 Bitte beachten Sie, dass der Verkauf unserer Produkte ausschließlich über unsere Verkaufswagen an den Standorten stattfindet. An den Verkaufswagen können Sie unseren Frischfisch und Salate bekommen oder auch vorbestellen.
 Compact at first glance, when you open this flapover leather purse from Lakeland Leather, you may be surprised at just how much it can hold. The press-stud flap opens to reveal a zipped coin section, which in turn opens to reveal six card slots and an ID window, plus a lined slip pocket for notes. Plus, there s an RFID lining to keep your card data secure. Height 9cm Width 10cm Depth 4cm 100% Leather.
* * *
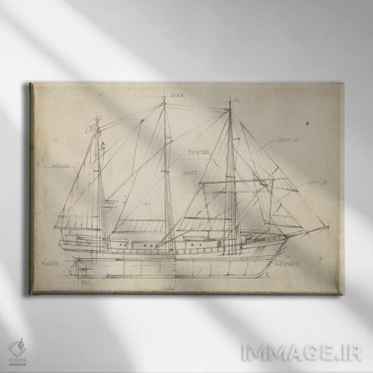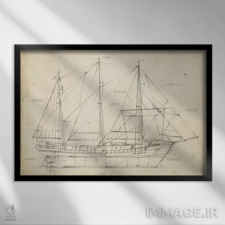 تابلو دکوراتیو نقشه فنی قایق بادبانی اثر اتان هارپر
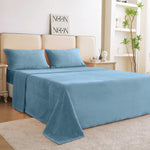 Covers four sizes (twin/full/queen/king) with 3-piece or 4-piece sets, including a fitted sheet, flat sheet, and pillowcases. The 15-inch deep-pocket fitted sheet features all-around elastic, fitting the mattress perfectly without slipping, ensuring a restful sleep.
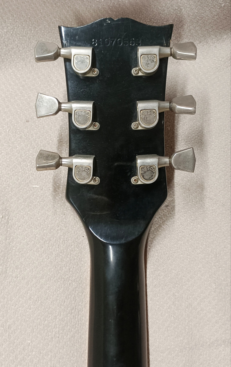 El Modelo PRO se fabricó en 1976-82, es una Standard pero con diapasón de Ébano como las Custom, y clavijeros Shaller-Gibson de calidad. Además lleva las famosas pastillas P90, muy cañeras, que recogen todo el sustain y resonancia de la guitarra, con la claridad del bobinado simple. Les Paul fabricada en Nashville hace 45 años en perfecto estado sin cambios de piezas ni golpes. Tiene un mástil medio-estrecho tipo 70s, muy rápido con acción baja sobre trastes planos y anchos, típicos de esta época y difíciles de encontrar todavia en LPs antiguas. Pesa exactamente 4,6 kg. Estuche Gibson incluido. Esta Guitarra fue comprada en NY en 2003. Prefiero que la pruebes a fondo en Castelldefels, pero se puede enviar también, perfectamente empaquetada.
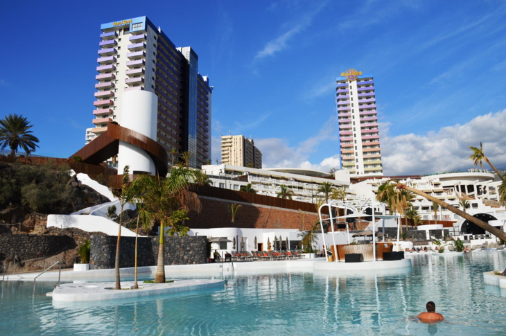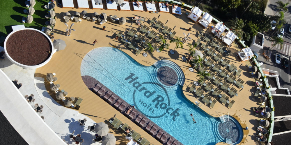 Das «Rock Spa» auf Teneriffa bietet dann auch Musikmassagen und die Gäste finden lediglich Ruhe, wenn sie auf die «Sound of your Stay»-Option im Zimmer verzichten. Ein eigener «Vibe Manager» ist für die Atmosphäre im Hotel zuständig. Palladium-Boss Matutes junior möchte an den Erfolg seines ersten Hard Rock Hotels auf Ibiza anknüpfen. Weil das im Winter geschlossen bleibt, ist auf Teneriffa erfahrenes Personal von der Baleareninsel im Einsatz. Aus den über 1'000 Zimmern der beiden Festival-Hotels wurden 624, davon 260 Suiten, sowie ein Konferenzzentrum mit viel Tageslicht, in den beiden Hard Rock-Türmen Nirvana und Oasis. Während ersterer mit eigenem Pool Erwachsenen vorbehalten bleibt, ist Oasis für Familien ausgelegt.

◆ Exercise directions
Copy back exactly the lines above from the one containing "تابلو دکوراتیو نقشه" through the one containing "Covers four sizes", and leave every picture behind.

◆ Task answer
 تابلو دکوراتیو نقشه فنی قایق بادبانی اثر اتان هارپر
 Covers four sizes (twin/full/queen/king) with 3-piece or 4-piece sets, including a fitted sheet, flat sheet, and pillowcases. The 15-inch deep-pocket fitted sheet features all-around elastic, fitting the mattress perfectly without slipping, ensuring a restful sleep.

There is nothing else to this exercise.